Options for lowering domestic fuel consumption:

 

  • Increasing Fuel Taxes

    This is known as ‘allocation by price’. It is highly regressive as it allows the wealthiest Americans to consume unlimited quantities of fuel by paying more for that fuel than the least wealthy are willing to pay. The result is a combination of the wealthy driving any size SUV they desire, while millions of less wealthy Americans may not be able to afford to drive at all.

    While the higher fuel prices make public transportation more attractive, it would take a very large tax increase for a meaningful shift from private to public transportation. And the result would again be regressive, with less wealthy Americans forced to use public transportation while the more wealthy Americans drive their vehicles of choice on less crowded roads.

  •  

  • Carbon credit proposals

    While this also does work to cut the total burn of fossil fuels it also does this via ‘allocation by price’ and is also highly regressive.
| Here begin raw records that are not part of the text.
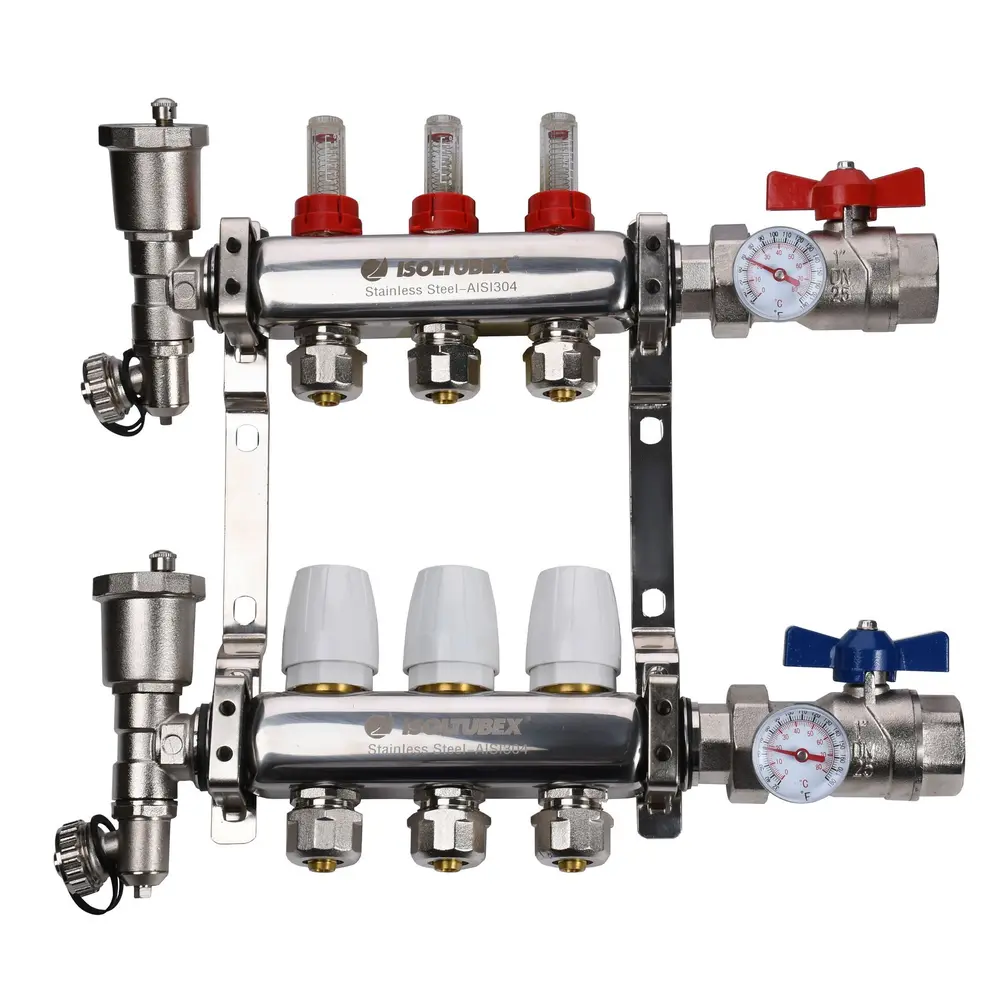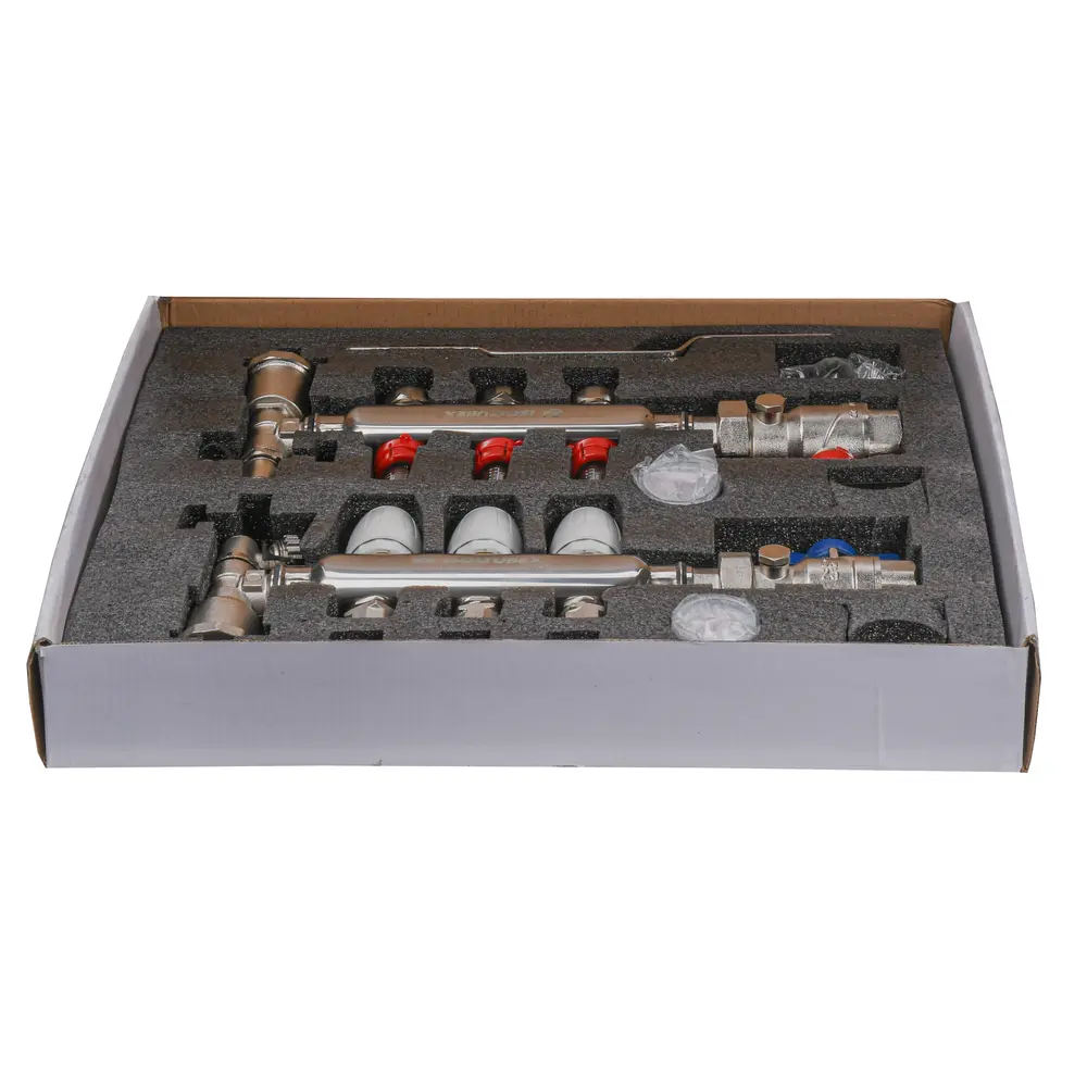 Матеріал колектора нержавіюча сталь, арматури і фітингів - латунь CW617N, ущільнювачами та золотникових прокладок - EPDM. У комплект входять кріплення.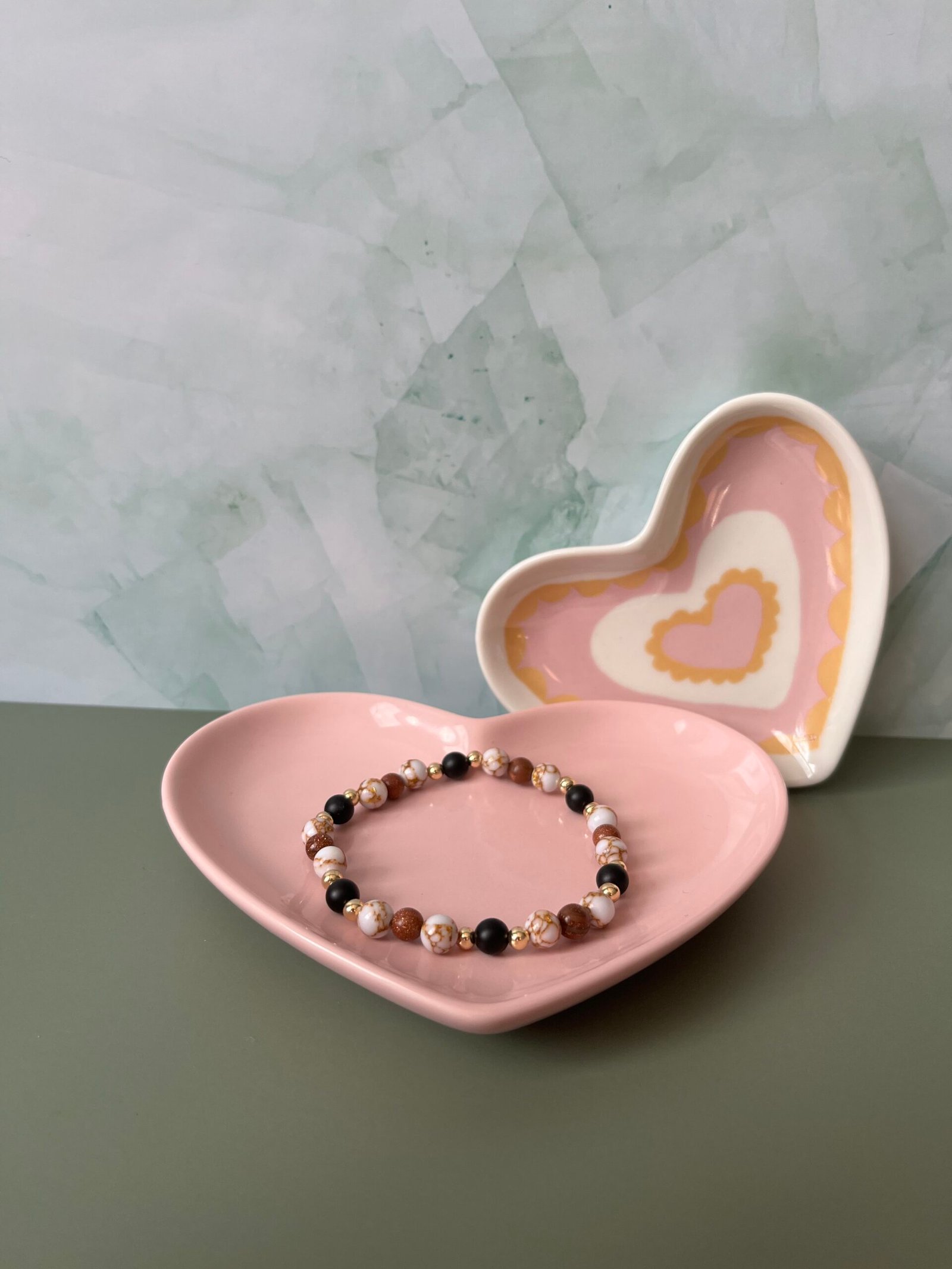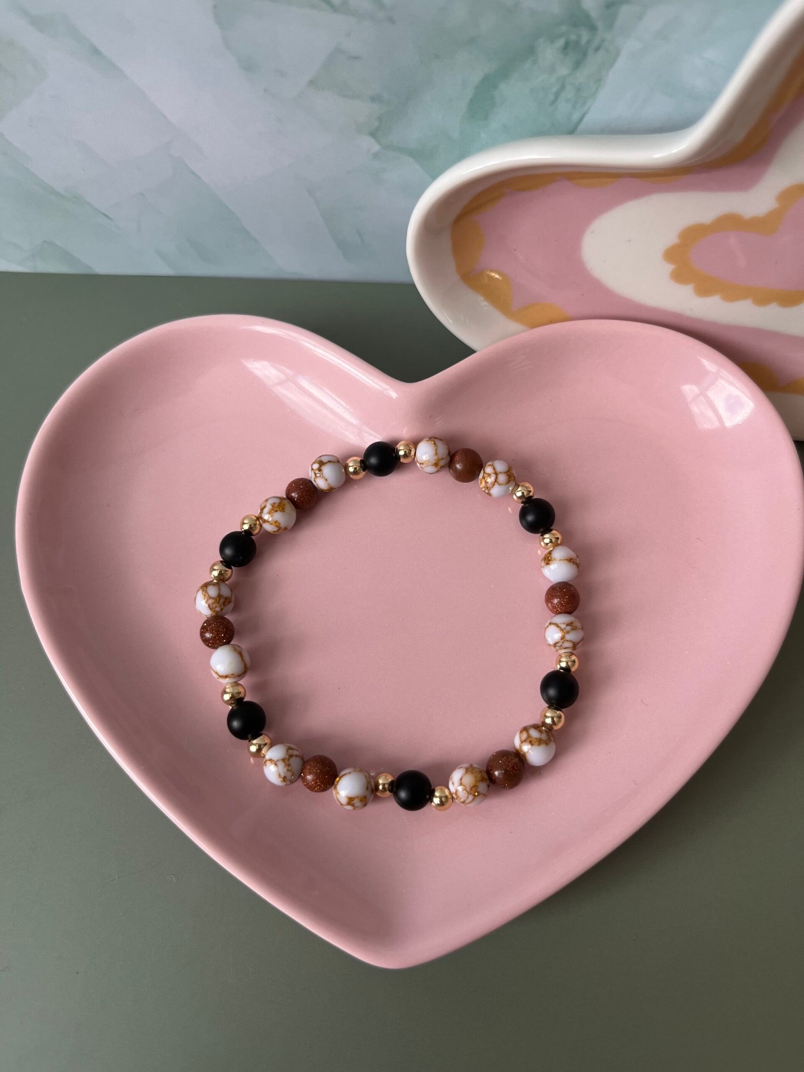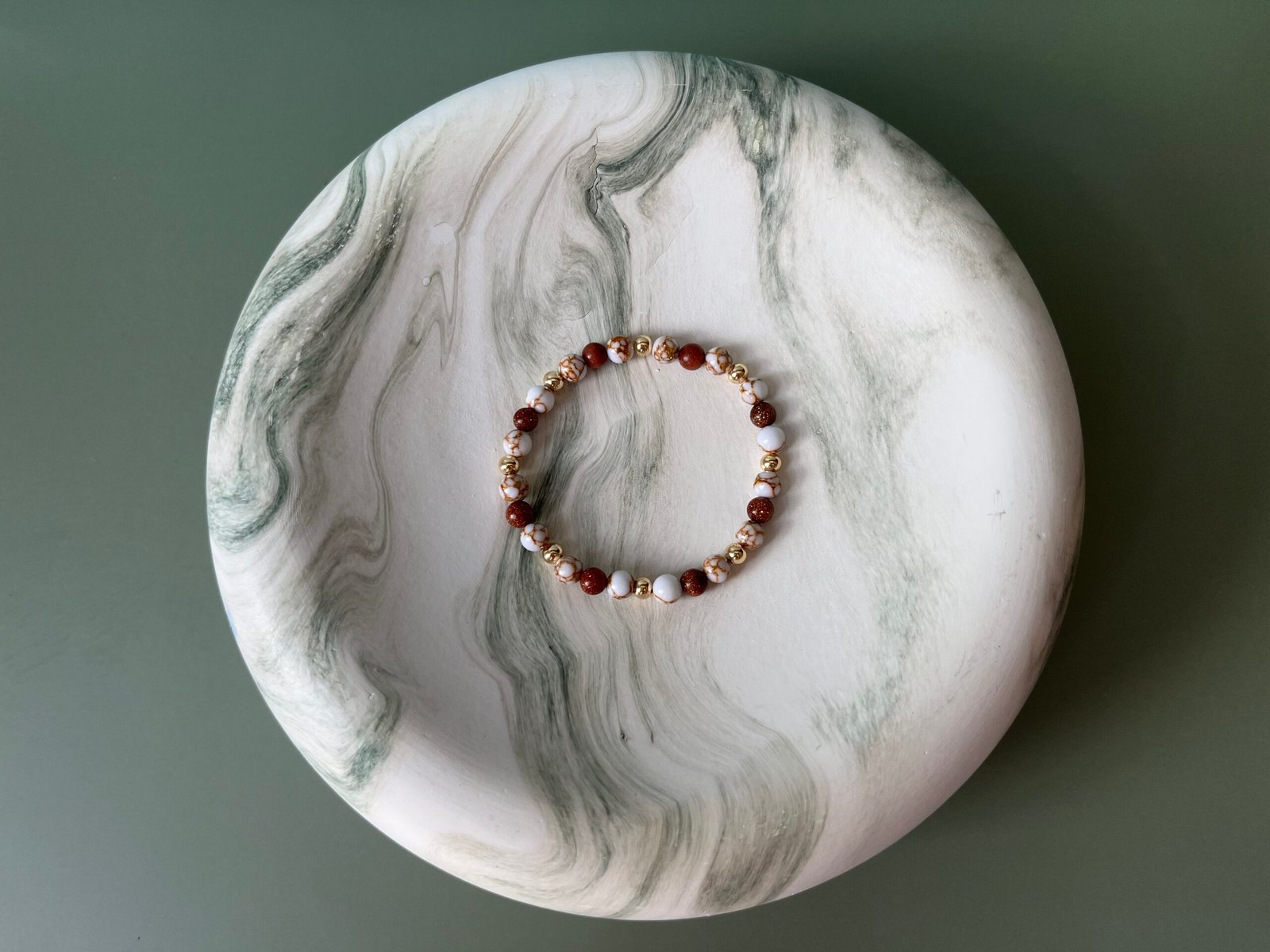 The Sarah Bracelet exemplifies refined elegance, crafted with exquisite materials for a look that blends sophistication with versatility. Handmade with care, this bracelet features radiant White Spun Gold Howlite, shimmering Golden Sandstone, and tarnish-resistant gold accents. Every detail has been thoughtfully designed to ensure both durability and timeless appeal, making The Sarah Bracelet a perfect accessory for any occasion.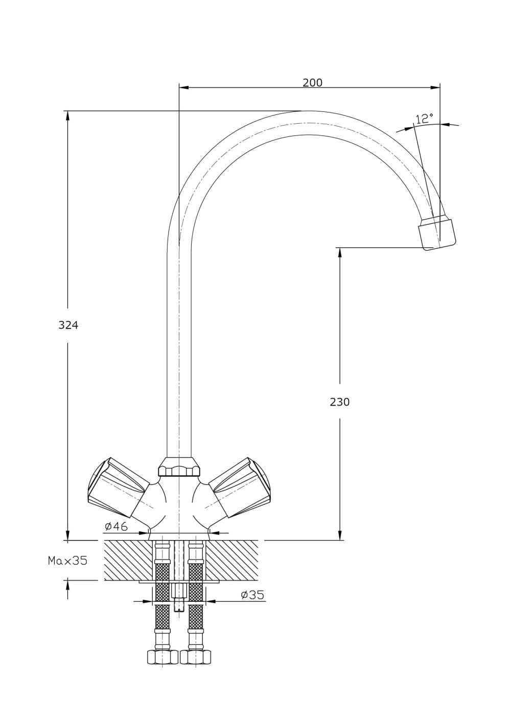 В смеситель установлены кран-буксы (RSH502) с керамическими пластинами. Высота смесителя 324 мм. Излив поворотный (360гр), 200 мм. Высота излива до аэратора 230 мм. Аэратор изготовлен из пластика с нержавеющим корпусом, угол наклона - 12 гр.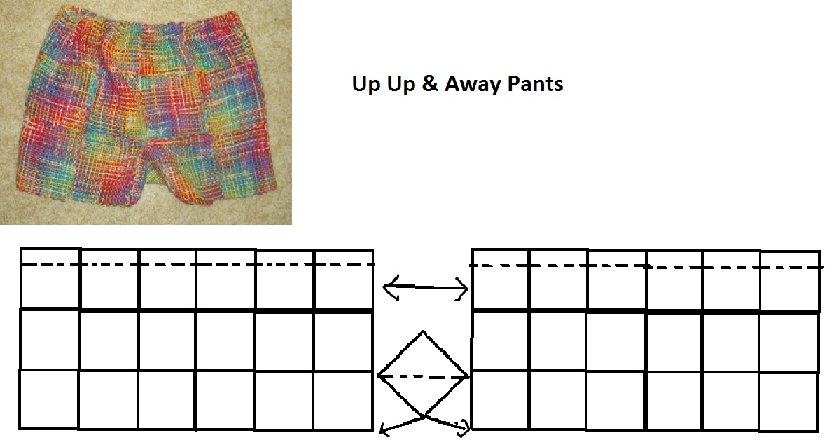 This is Charlies, Pants, done with the 3.5″ Tiny Weaver Square. You could use your 4″ multi but be sure to check the measurements. Add squares top or side to get your fit. This would be for a child. your going to need many more squares for yourself, no matter what size you are and if you are using the 4″ make your crotch insert with the 6″.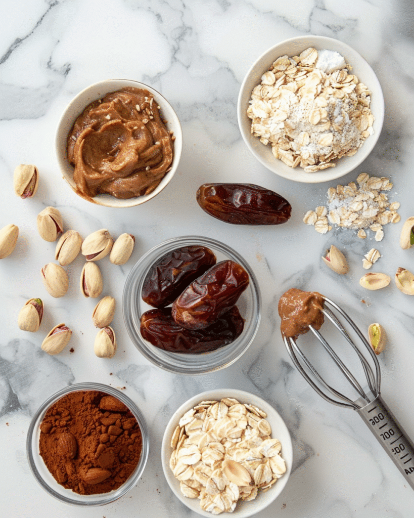 These ingredients provide a balanced combo of healthy fats, plant protein, fiber, and natural sugars. The dates act as the binder and sweetener, while the oats and pistachios offer sustained energy and crunch. A scoop of clean vegan protein powder adds lasting fuel—especially great post-workout or during busy afternoons.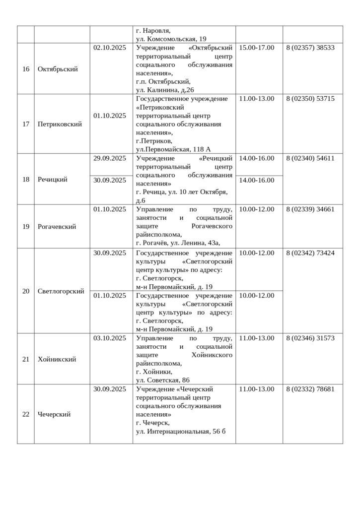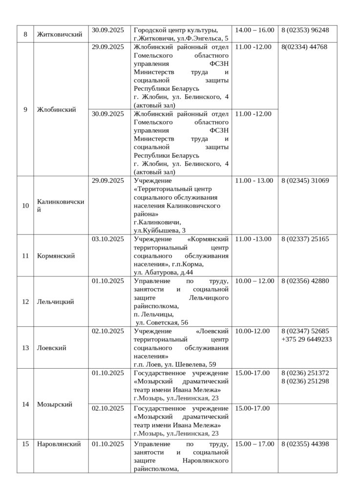 Мероприятия состоятся также в разных районах всех областей. Так, например, в Чечерском районе найти работу можно будет 30 сентября с 11.00 до 13.00 в территориальном центре соцобслуживания населения. Телефон для справок: 7-86-81.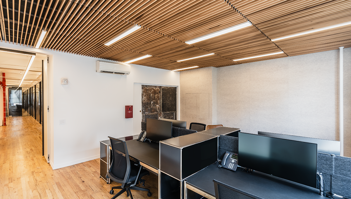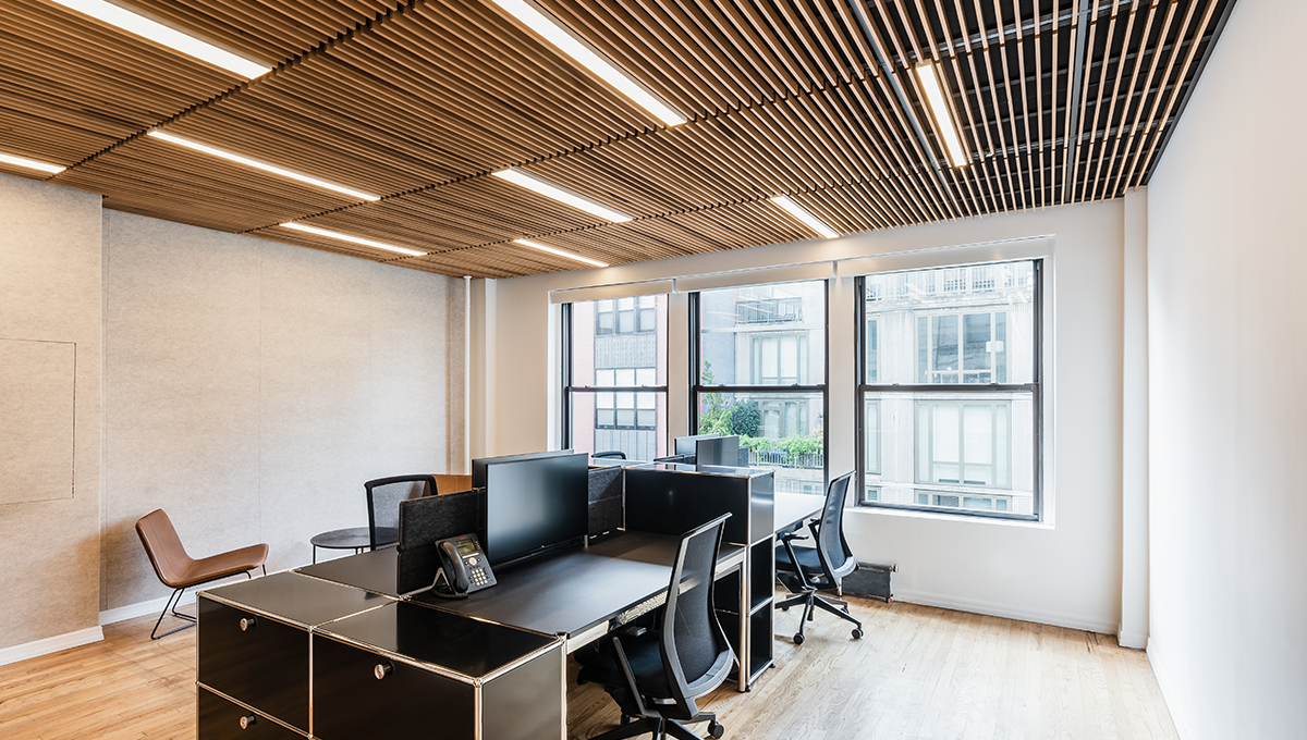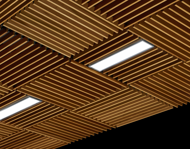 Additionally, the wooden framing provides both sound-reduction and insulation for cool and warm climates. Harmonize your rooms by hiding away minor ceiling imperfections or wiring for a cleaner presentation. Armstrong® WoodWorks® combined with the PANO linear light fixtures make installation easy.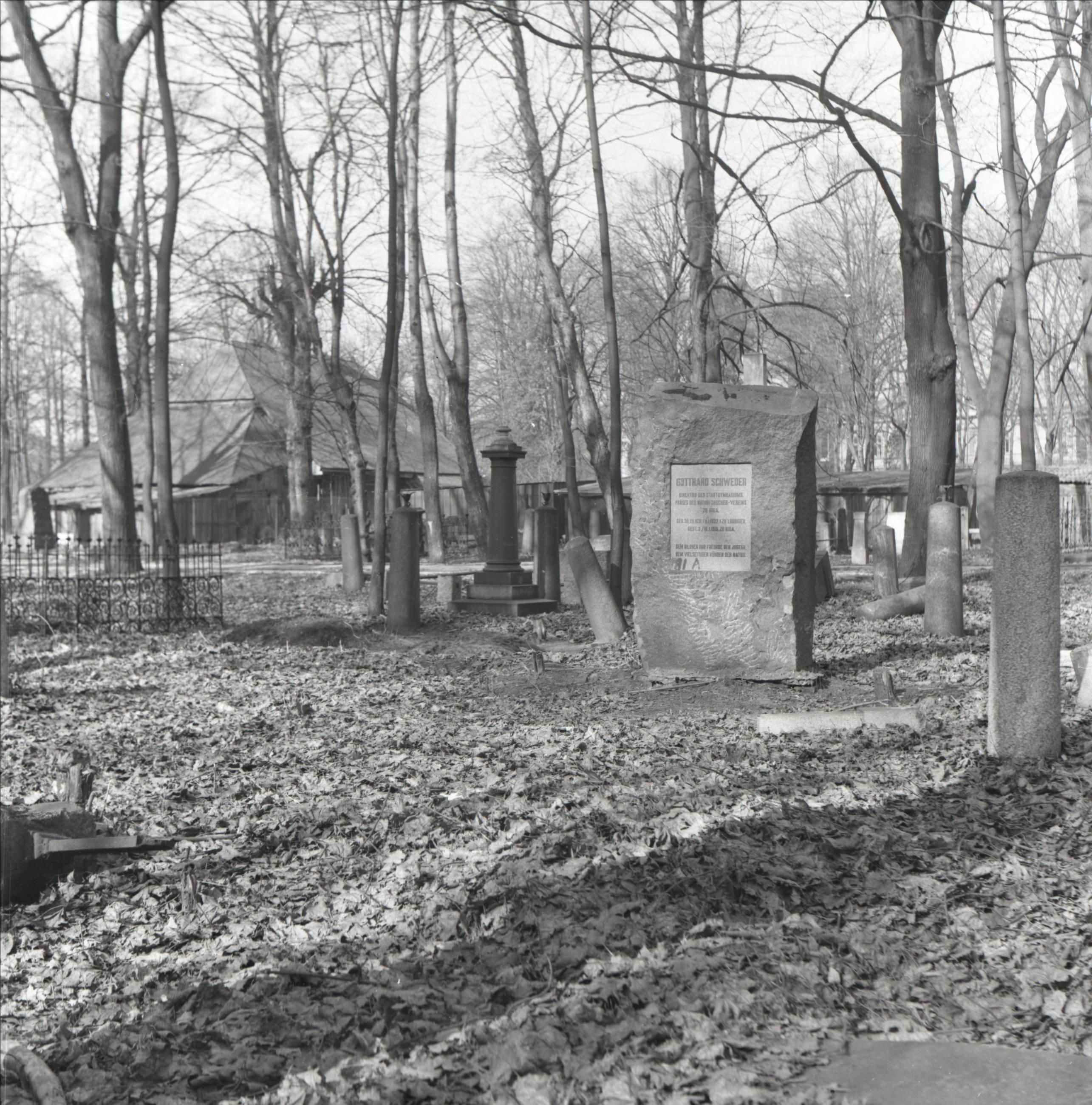 Lielie kapi: Gotharda Švēdera kaps. Kapa vietas kopskats. Apkārts kapa vietai citas kapa vietas un pieminekļi. Fonā redzama ēka.

Nor does it target the gasoline and diesel fuels we import from foreign monopolists. By issuing transferable carbon credits that periodically decline in magnitude prices of carbon based fuels rise until demand fall to the level of the restricted supply. Again, this means the wealthy can drive any vehicle they wish on less crowded roads abandoned by those who can no longer afford to drive.

  •  

  • Increasing Fuel Efficiency Standards

    New vehicles sold in the US can be required to get more miles per gallon than currently required. This is much less regressive than a fuel tax, but takes longer to have the desired effect of reduced fuel consumption. Also, it currently applies to a company’s average mileage for all the new cars it sells. The result is the production of fewer vehicles that go fewer miles per gallon than the required minimum, and more vehicles that go more miles per gallon than the minimum. Raising the mpg requirement would shift production further toward more fuel efficient vehicles.

  •  

  • Reducing the National Speed Limit to 30 mph for Private Ground Transportation

    This directly cuts gasoline consumption as vehicles are potentially far more fuel efficient at 30 mph than 60+ mph. The lower speed limit also reduces the amount of long distance driving due to individual time constraints.

    Additionally, demand for public transportation is increased due to the same time savings. Since time is presumably more economically valuable to the wealthy, they lose the most by the lower speed limit and would have the most to gain by improved public transportation. Therefore, the wealthy would use their influence to improve public transportation which would go a long way to getting the job done and in short order.

    The other advantage of the lower speed limit is the reduced need for safety features, as the possibility of injury decreases geometrically with speed. This means lighter, simpler, less expensive cars would be available and traffic deaths substantially reduced.

    Smaller cars also require and take up less space, reducing traffic congestion and parking demands.
    The reduction in consumption could be over 5 million barrels per day of crude oil products in the US alone, which would:

    • Provide the net supply shock capable of reducing crude and refined product prices
    • Improve our real terms of trade and greatly enhance our quality of life
    • Increase national security by reducing dependence on foreign oil

  •  

  • Slow environmental degradation

    It is a political choice: ration by price as we are currently doing or use other methods, some of which are already in place, such as fuel economy standards.

    This proposal simply adds the price of ‘time’ to burning gasoline for all private transportation, thereby making fuel efficient, cleaner, and less resource intensive alternative transportation more attractive.

  •  

  • Incentives to Trade in Less Fuel Efficient Vehicles for More Fuel Efficient Vehicles

    With this proposal the government offers monetary incentives for individuals to trade in less fuel efficient vehicles for more fuel efficient vehicles. The incentive could be, for example, $250 for each mile per gallon of improvement. This would drive the sale and production of more fuel efficient vehicles and more rapidly increase the share of miles driven by more fuel efficient vehicles. However, it does not remove the less fuel efficient vehicles from the roadways as they are allowed to be resold.